Publication date: Available online 18 January 2019
Source: Journal of Oral and Maxillofacial Surgery
Author(s): Maorui Zhang, Pengcheng Rao, Delin Xia, Libo Sun, Xiaoxiao Cai, Jingang Xiao
Abstract
Purpose
With the development of imaging technology and computer-assisted surgery in oral and maxillofacial surgery, digital technology is widely used in vascularized bone flap grafts for mandible reconstruction. The aim of our study is to use digital technology throughout the treatment process to demonstrate that digital techniques can provide a reliable and accurate match between the mandible and the iliac crest flap to achieve functional reconstruction of mandibular segment defects.
Patients and Methods
Twenty patients underwent three-dimension computed tomography (3D CT), mirroring technology, 3D model prototyping and computed tomography angiography (CTA) for treatment planning. Individual preformed reconstruction plates were fabricated and iliac crest flaps were designed preoperatively. After complete resection of the mandibular lesion, the iliac crest flap was shaped to reconstruct the mandibular defects.
Results
During follow-up (range 12 to 36 months), the facial shape, facial symmetry, mouth opening of all patients were well recovered. 3D-CT reconstruction was also taken to evaluate the height, width, length, and bone healing of the iliac crest flap.
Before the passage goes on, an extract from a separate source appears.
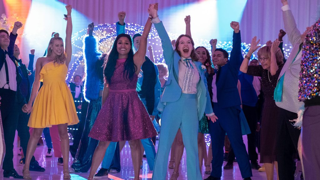Based on the Broadway original, The Prom’s spotlight is centered on a high schooler named Emma, who was denied access to her prom for being gay. As soon as four washed-up stars (a star-studded lineup of Meryl Streep, James Cordon, Nicole Kidman and Andrew Rannells) hear about it in the news, they seize the opportunity for good publicity.

Postoperative examination revealed ideal bone union between the iliac crest flap and the mandible at 6 months. Nine patients received implant-supported fixed dentures to restore the dentition. After follow-up, all patients were satisfied with their facial esthetics and function. The neo-mandible provides a suitable three-dimensional position for implant-supported fixed partial dentures.
Conclusion
Use of digital techniques throughout the whole course of treatment improves the predictability and convenience of functional mandibular reconstruction. Individual preformed reconstruction plates and CTA effectively guaranteed the accuracy of iliac flap preparation.